The DR array usually sits at a fairly constant rate, pretty much all write traffic as apart from a couple of small hosts in the DR site, in normal use all it does is take disk replication from the primary array. The graph from this DR array for the week of the outage shows an unusual traffic pattern!
It’s fairly clear from this that the array between 13:00 and 14:00 suddenly found itself busier than it’s ever been (well, apart from the initial seeding of the replicas where it ran flat out for a few weeks!). The peak is significantly lower than the normal peaks on production, but significantly higher than normal day time traffic. the peak of 1220MB/s shows a large number of servers booting around the same time – these are the replicated disks, and virtual machines booting up unaware that their data is now served from the DR array. Normal peaks during the day the previous week were under 1000MB/s – and that was for significantly more servers (only around a third of servers are replicated to DR site).
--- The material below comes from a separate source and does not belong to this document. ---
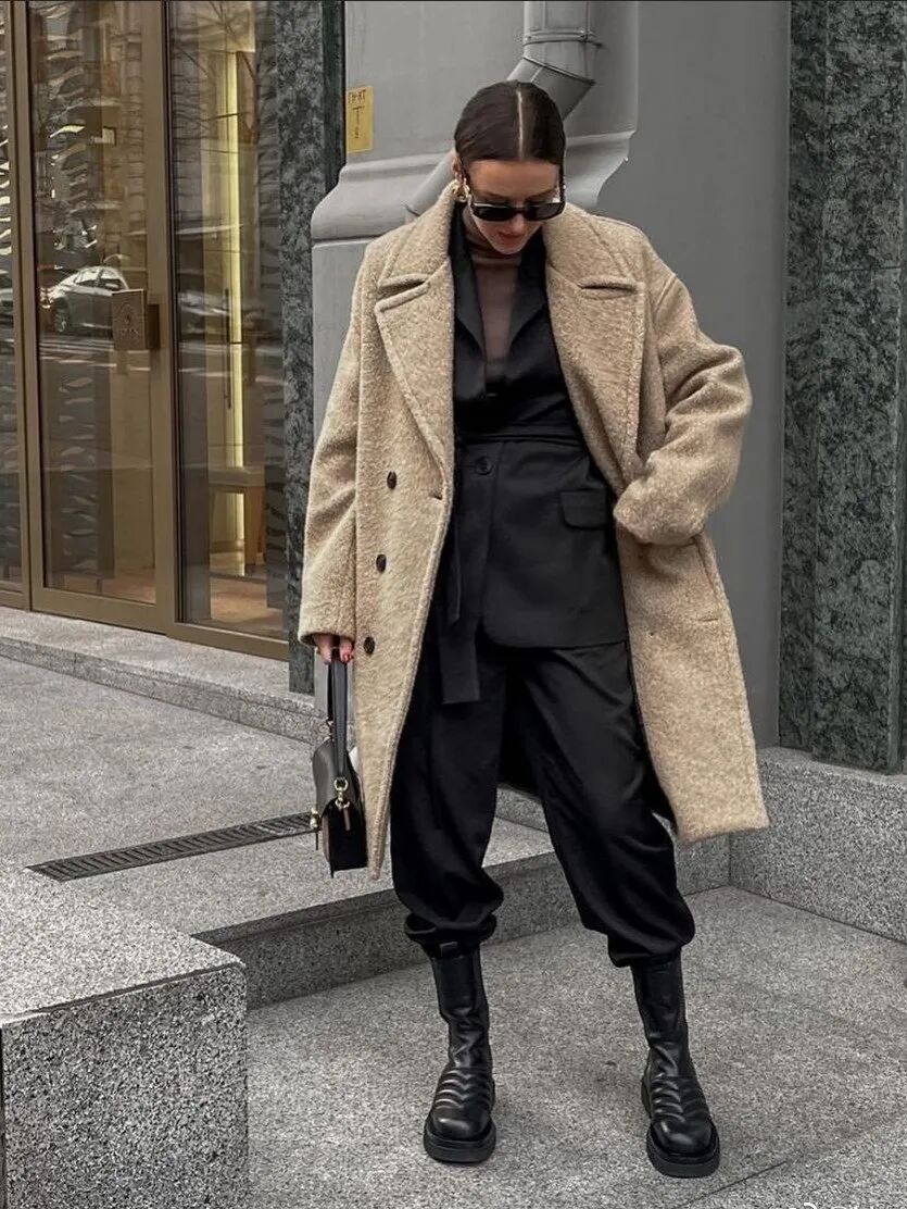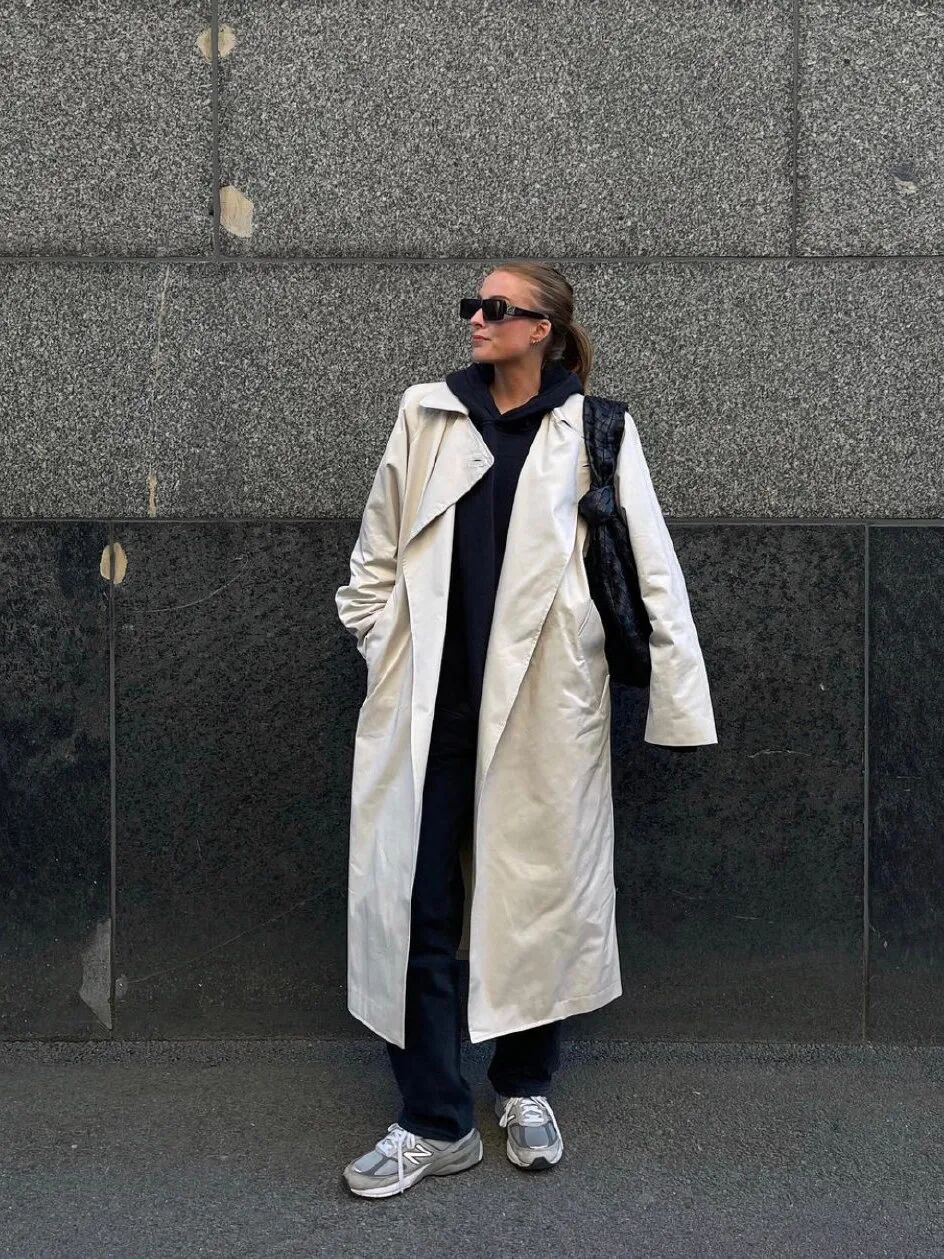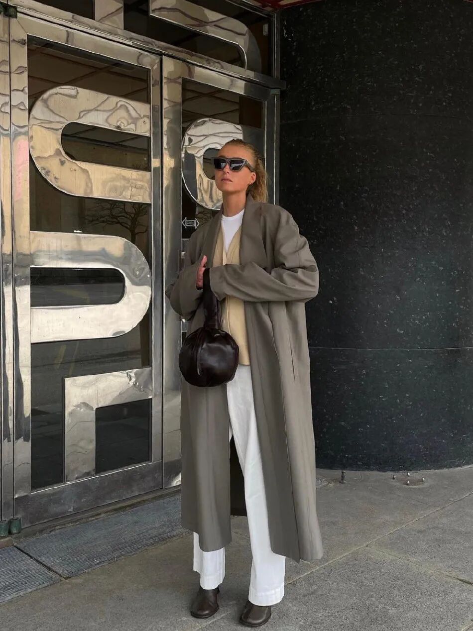 一套all black运动set+白色大衣,或者白T+白裤子外穿一件灰色大衣,还可以叠穿一件咖色针织衫增加层次感。不必多说,大地色系就是永远的经典。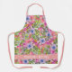 Cute and girly all-over-print apron with a pretty pink and purple flowers and green leaves print. Text says, "YOURNAME kitchen" Personalise with your name or any text you choose.

Booting multiple servers simultaneously hits the array hard,
The afternoon of the Thursday we were on limited power, so only core services running. This shows a fairly solid 300MB/s of traffic from the DR array once the boot storm had died down and services were running.
Any failure of the primary array causes the DR array (with a casting vote from the G200 quorum array in the third site to avoid the classic split brain cluster problem) to instantly takeover and begin mastering the disks. This process automatically marks all replicated disks in the primary array to as unclean, and hosts cannot use these disks without intervention – the arrays block all paths to these disks and direct all traffic to the DR (and now primary) array. Given the DR site has limited capacity and no generator backup work began on replicating disks back to primary site as soon as possible.
This work carried on throughout Thursday evening, and the graph of individual storage FC ports out of the DR array controllers clearly shows the final replication back to primary array happening from around 20:00 through to around 23:00 when the storage was switched back to being mastered out of the primary array once again, and normal service (at the storage level at least!) resumed.
The commands to fail storage between sites is something we have never needed to run on production arrays, and normally there would be at least two of us looking, scratching heads and double and triple checking before hitting enter. Given this work was all happening remotely due to Covid restrictions, one member of staff had the task of performing this fairly risky task. The final graph comes from the Apple watch he was wearing at the time and shows heart rate.
I think the correlation between those two last graphs is fairly clear!